El Evangelio que se nos ha anunciado nos lleva, podríamos decir, al origen de esta fiesta de la Palabra. El evangelista comienza con el Bautista encarcelado. Esa voz que gritó en el desierto ya no sonó mas. El desierto había vuelto a ser desierto, sin una sola palabra de vida. Jesús, sugiere el evangelista, no se resigna al desierto: deja Nazaret, su hogar, su familia, su trabajo. Y va a Galilea, una región periférica, entre las personas más pobres, excluidas y despreciadas. Y ahí comienza a hablar. Partiendo de nuevo de las palabras del Bautista: “Convertíos, porque el reino de los cielos está cerca”. La conversión comienza cuando el evangelio llega al corazón y lo empuja a una nueva vida. La experiencia de ese comienzo, no es la experiencia habitual en la Iglesia. Desde ese día en las costas del mar de Galilea hasta hoy, es la Palabra de Dios la que cambia el corazón de los discípulos y lo hace bueno y fuerte para el bien. Simon Pedro y Andrés, Jaime y Juan, aceptaron la invitación de Jesús y lo siguieron. No sin sentido lo escucharon de dos en dos, y juntos, incluso aunque fueran solo cuatro, siguieron al Maestro. Es la Palabra de Dios que une y que es escuchada juntos. Jesús no hizo discursos refinados. Hablaba un lenguaje simple, que ellos, pescadores, podían entender de inmediato: “Venid a mí, os haré pescadores de hombres”. Entendieron de inmediato que los había llamado para una nueva pesca, y ellos “inmediatamente dejaron las redes, la barca, el padre y lo siguieron”. El Evangelio, escuchado juntos, creó esa pequeña fraternidad que alargándose en la escucha y la comunicación se extiende hasta hoy día.

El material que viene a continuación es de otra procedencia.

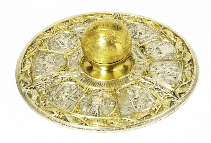 Commemorative inkstand, about 1850, Elkington & Co. V&A Museum no. 481&A-1901 Techniques - Gilt and silvered bronze, with glass lining Place - Birmingham, England Dimensions - Height 8 cm, Diameter 23.4 cm Object Type - This inkstand was probably designed as a souvenir of the Great Exhibition of 1851. The foot of the object is divided into compartments showing images linking raw materials, business and retailing with manufactures and art products. For example 'Manufactures' shows a weaver, a designer and a potter at work. Named designers in the ribbon around the edge of the foot reinforce the links to art and design, while the globe containing the inkwell adds the international dimension that the Great Exhibition was the first to exploit. People - The inkstand was designed by the designer and illustrator John Leighton (1822-1912), who worked under the pseudonym Luke Limner. The inkstand's design originally appeared as a metal plaque on the cover of the Art Journal catalogue of the Great Exhibition. Leighton designed stained glass, ceramics and bookbindings as well as serving on the jury of the Paris Exhibition of 1878. The inkstand was made by Elkington & Co., the largest and most ambitious silversmiths in the 19th century. Historical Associations - The inkstand commemorates the Great Exhibition of 1851 and was made by Elkington and Co., who won a coveted Council medal for the ingenious use of electricity to create works of art. The inkstand was gilded by an electric current.

Queridas hermanas y queridos hermanos, esa escena antigua, narrada con sobriedad como para mostrar su ejemplaridad, se nos propone con renovada fuerza en esta Fiesta de la Palabra. El Señor nos llama nuevamente a ser pescadores de hombres en el mar de las muchas Galileas de este mundo. Nos llama con una urgencia nueva, nos pide una generosidad más audaz y creativa. Muchos esperan una luz que los caliente y los guíe en un nuevo camino. El Señor no deja de hablarnos y nos pide escuchar su Palabra, escucharla juntos: y todos creceremos en la inteligencia y el amor del Señor y de los pobres. La Palabra de Dios suscitará, una vez más, una energía que transformará nuestros corazones nuevamente y transformará la vida de muchos: hará que los jóvenes y los viejos caminen hacia un mundo nuevo, hará que los ciegos vean nuevos horizontes, hará saltar a los cojos hacia un reino de paz. Su fuerza nos empuja más allá del límite y más allá de los muros, y su luz en la noche aligerará nuestros pasos al guiarnos en la exploración apasionada de la humanidad que pide ayuda en todas partes. “Venid a mí, os haré pescadores de hombres”, nos repite el Señor. No nos demoremos, escuchemos su invitación nuevamente y sigámoslo: muchos serán consolados y salvados.